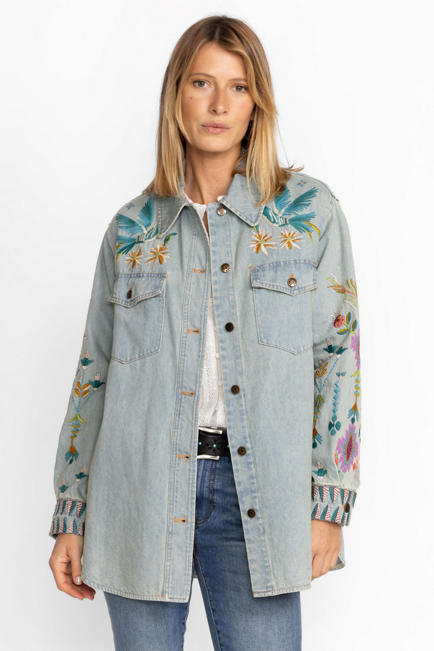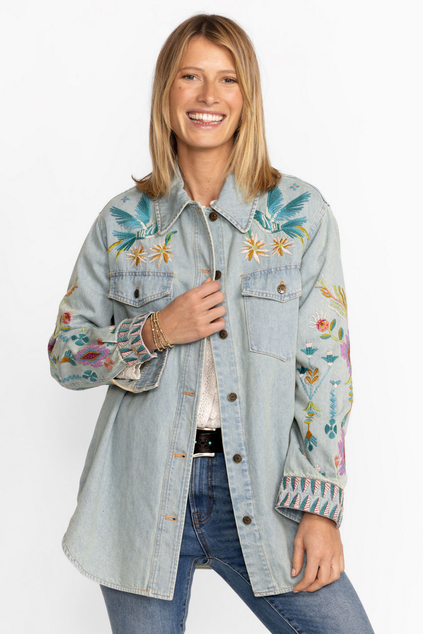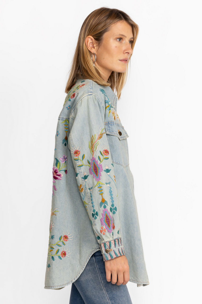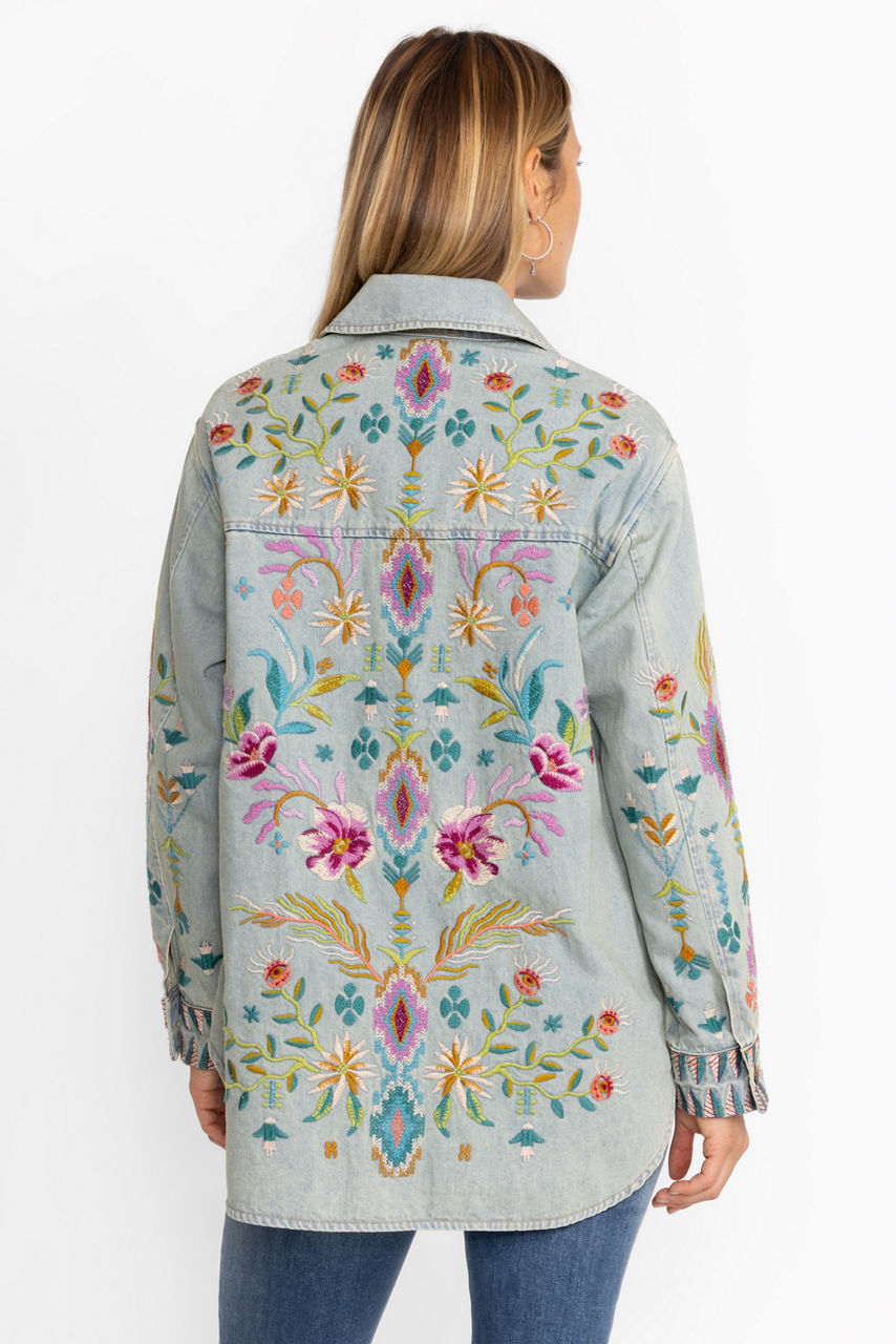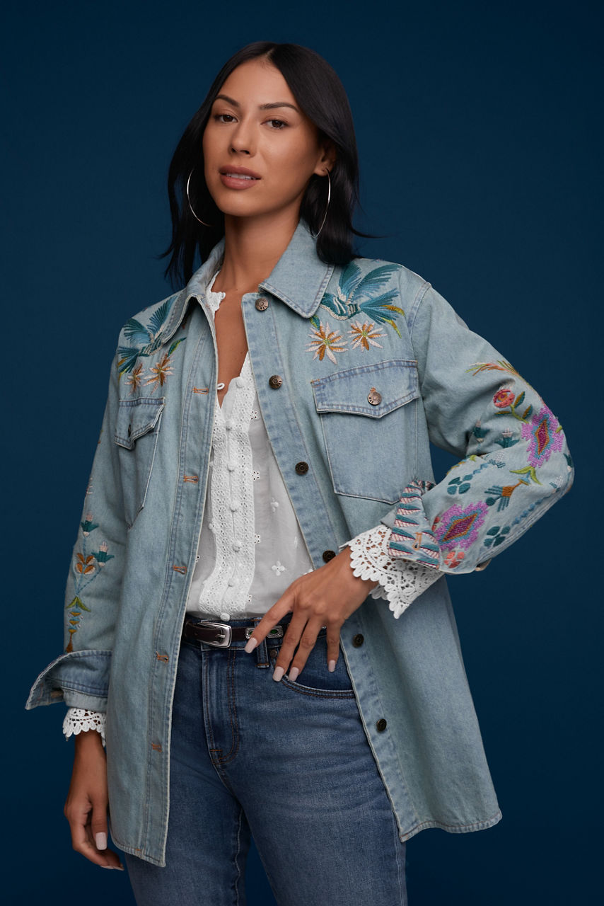 Delivering uncommon style and vibrant color, the Gabriella Denim Oversized Jacket Shirt is a chic statement piece. Crafted from 100% cotton and beautifully adorned with vibrant floral embroidery, this easy-care denim shirt is sure to stand out in a crowd. Layer over a cozy pullover and leggings for a perfectly casual weekend look.
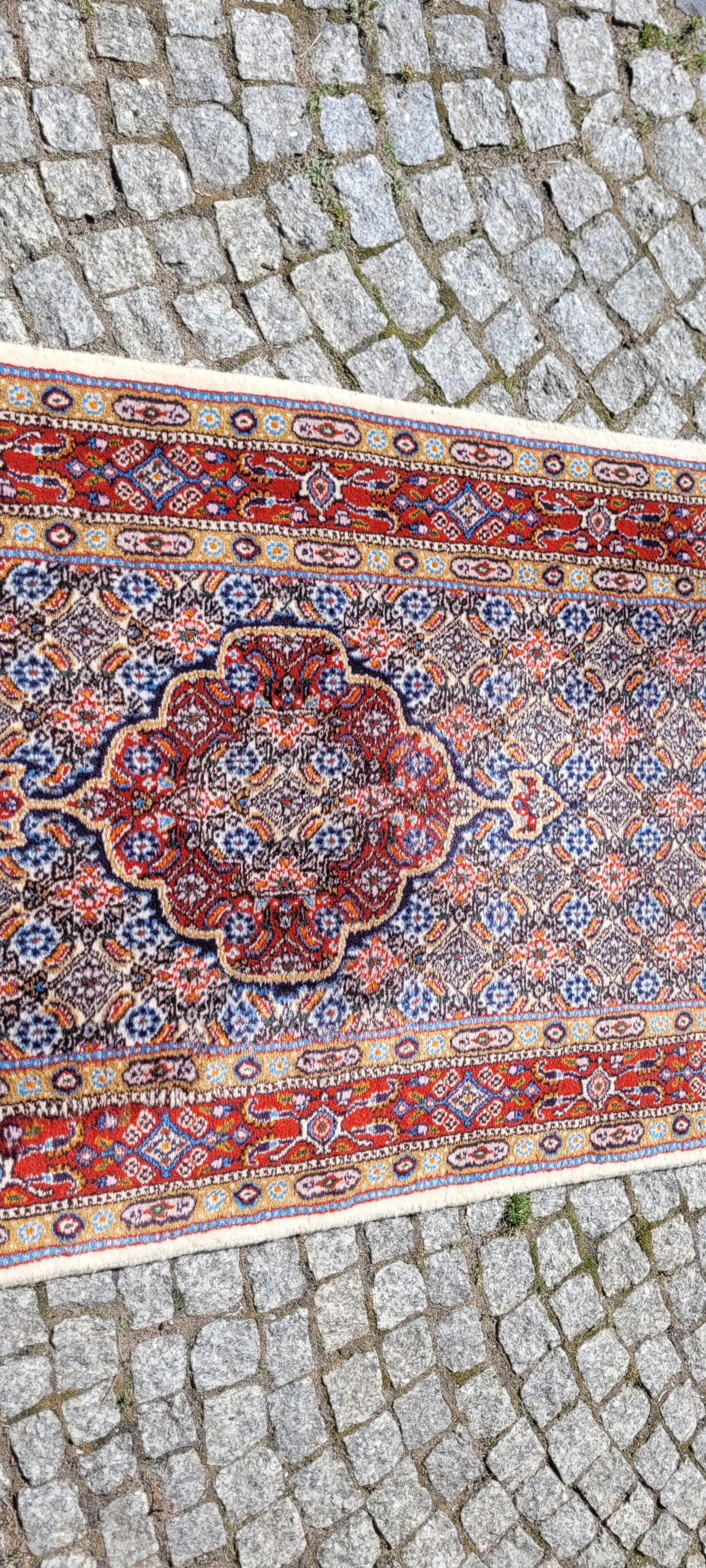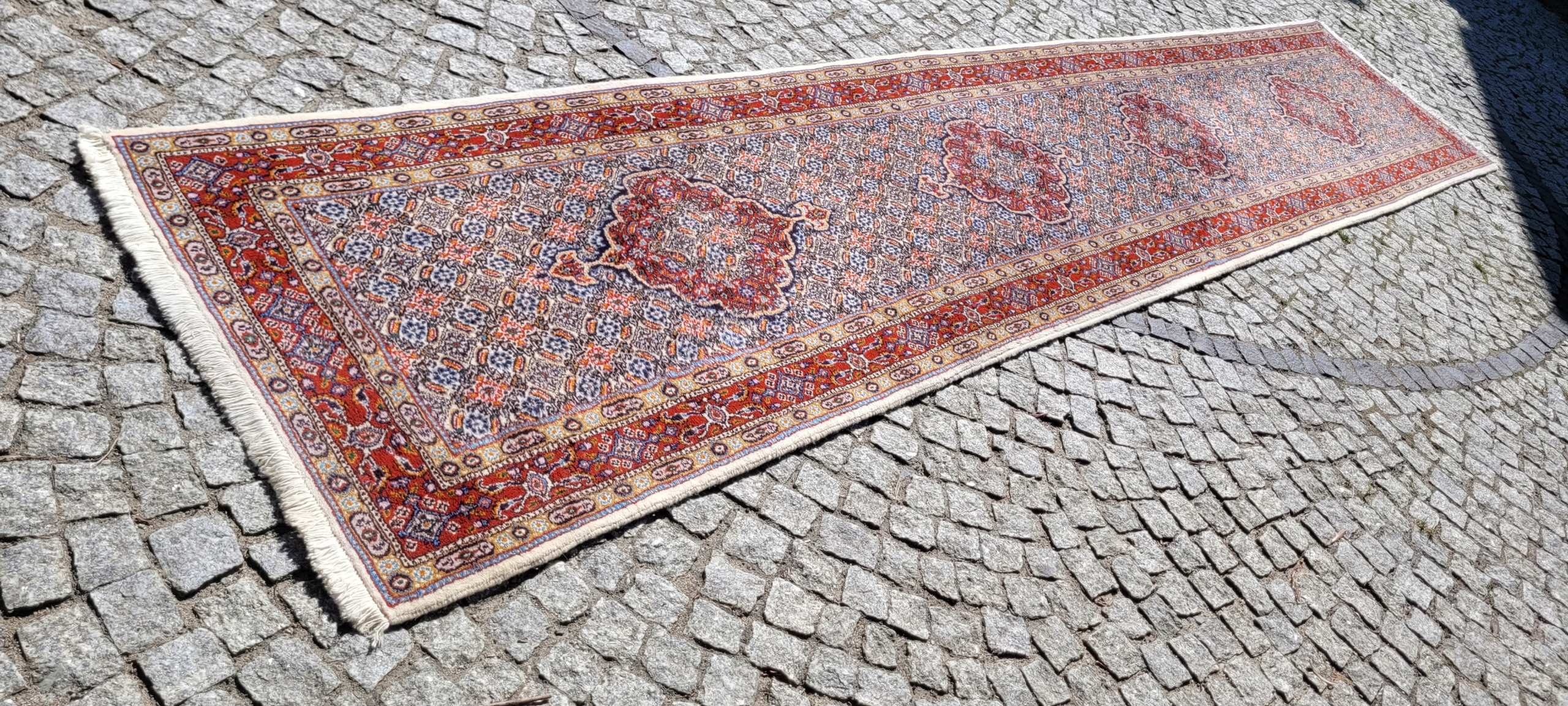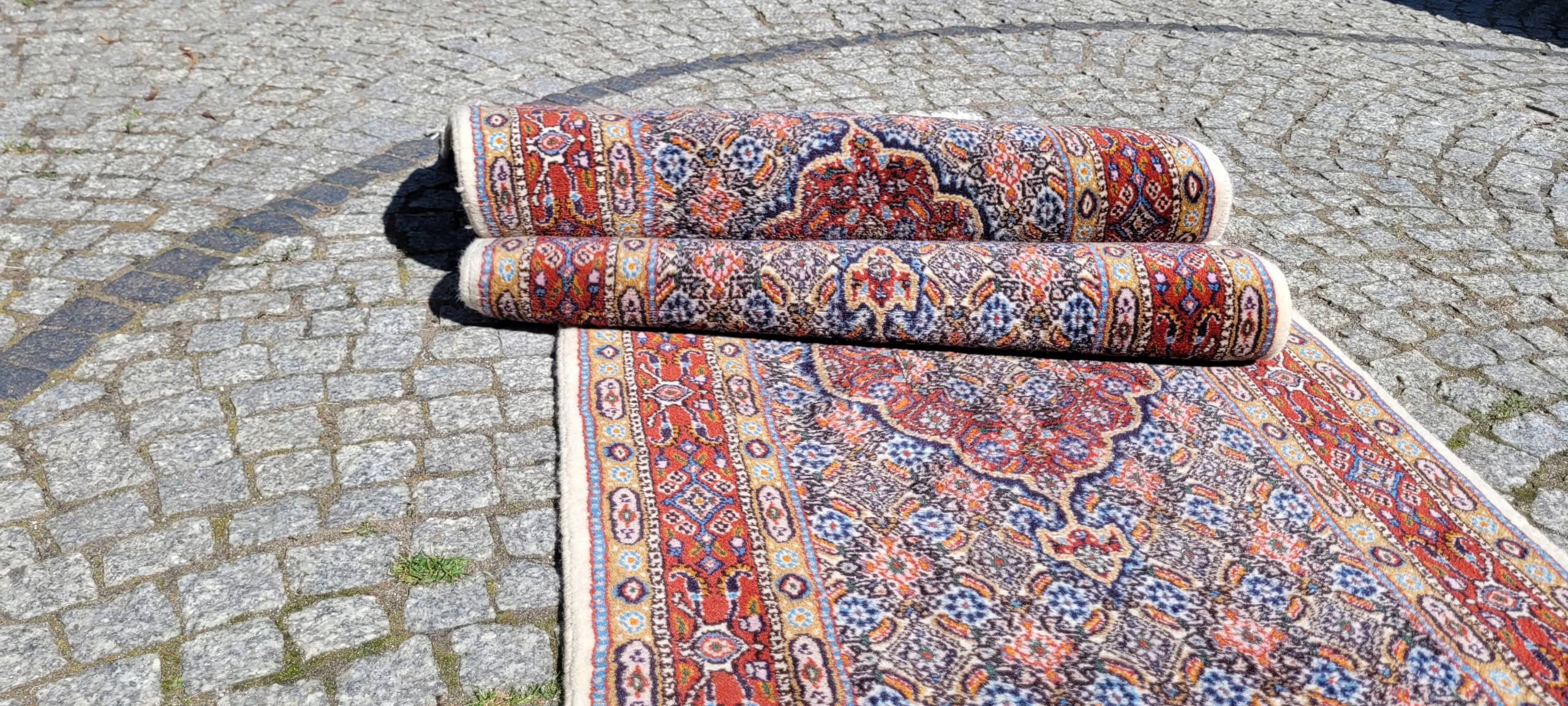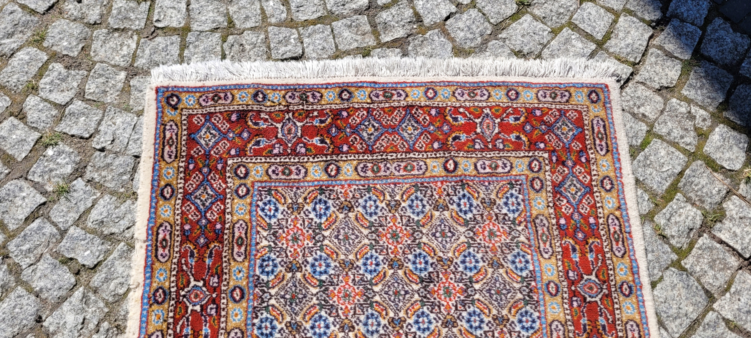 Перський килим Moud. Ручне плетіння з вовни. Характеризується компактним, приємним на дотик, блискучим флісом і красивими кольорами та візерунками. Він у дуже хорошому стані, без деяких дефектів флісу в кутку.
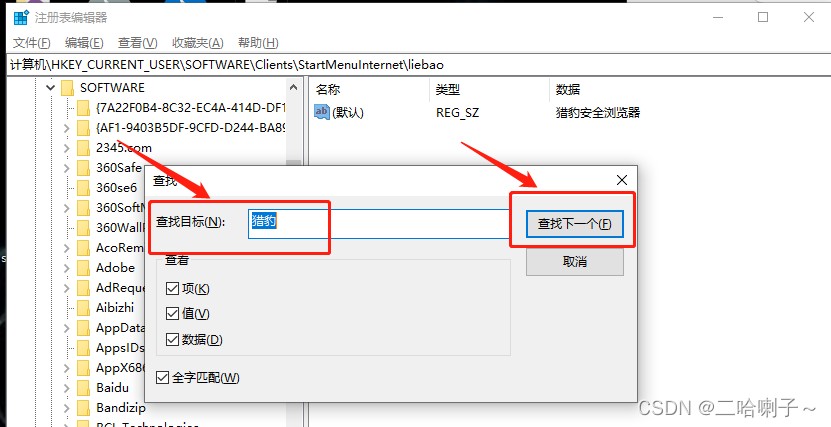输入你要卸载的软件名,单机【查找下一个】(中文找不到试试拼音,拼音找不到试试英语)
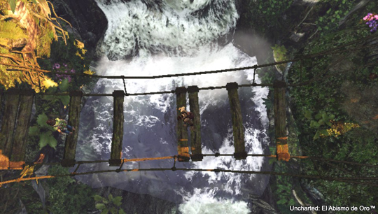 En primer lugar, como apuntaba arriba no soporto los juegos-espectáculo en los que hay más espectáculo que juego. Cuántas veces habrán oído ustedes comentar a las novias –no precisamente jugadoras- de sus amigos, que no solo conocen alguno de los títulos de la serie Uncharted sino que además les gusta «ver jugar a Uncharted». Lógico: es esta una saga peliculera como pocas, llena de situaciones argumentales supuestamente espectaculares que se han traducido a lo visual con mayor o menor brillantez. Ahora bien, y aquí es donde viene el problema: eso no sería un mal per se si la parte lúdica, la parte interactiva acompañara. No es el caso: la serie, en general, está llena de momentos en los que debemos escalar plataformas de la que es imposible caerse. Y qué me dicen de los tiroteos: reconozco que me divertí con los primeros escopetazos dados mientras buscamos cobertura en el primer Uncharted. Pero esa parte buena de estos juegos se ha ido perdiendo al concederse mayor protagonismo al uso y abuso de la plataforma inane, del espectáculo por el aburrido espectáculo, provocando que yo haya extraído de estos datos la siguiente conclusión: A los de Naughty Dog –desarrolladora de los títulos de la serie creados para PS3-, como a Sony Bend –perpetradores de este Abismo de Oro– les interesa más perderse en la tecnología, hacer I + D para crear graficazos con los que ofrecer espectáculo (tostonesco) que en emplear esa misma tecnología para inventar maneras por las cuales el usuario se divierta jugando.
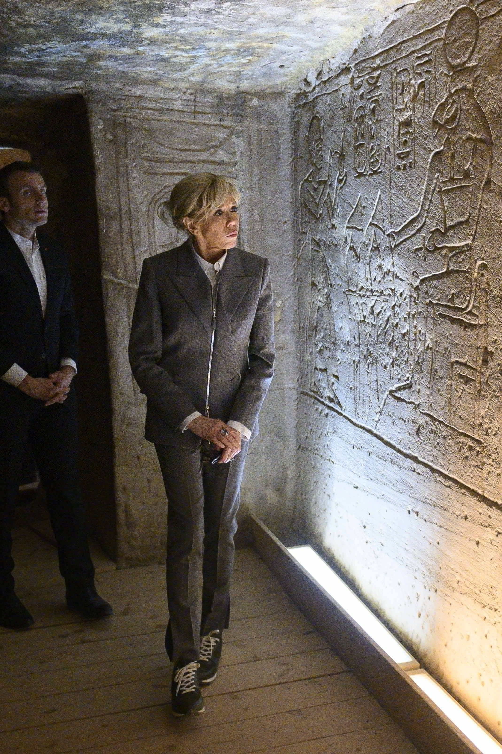 Tennis de luxe. Tollé sur la Toile lorsque Brigitte Macron a paradé en Egypte, chaussée de sneakers Louis Vuitton… à 620 euros. Un manque de considération pour les Français qui peinent à boucler leurs fins de mois ? Face à la polémique, l'entourage de la première dame a réagi, auprès de France Info : "Ce sont des chaussures prêtées. Cela ne coûte rien à l'Etat et cela met en valeur les créateurs français".

*****

Please write out only the material above, exactly, from its first line through the line that contains "输入你要卸载的软件名,单机【", and include no pictures.

 Delivering uncommon style and vibrant color, the Gabriella Denim Oversized Jacket Shirt is a chic statement piece. Crafted from 100% cotton and beautifully adorned with vibrant floral embroidery, this easy-care denim shirt is sure to stand out in a crowd. Layer over a cozy pullover and leggings for a perfectly casual weekend look.
 Перський килим Moud. Ручне плетіння з вовни. Характеризується компактним, приємним на дотик, блискучим флісом і красивими кольорами та візерунками. Він у дуже хорошому стані, без деяких дефектів флісу в кутку.
输入你要卸载的软件名,单机【查找下一个】(中文找不到试试拼音,拼音找不到试试英语)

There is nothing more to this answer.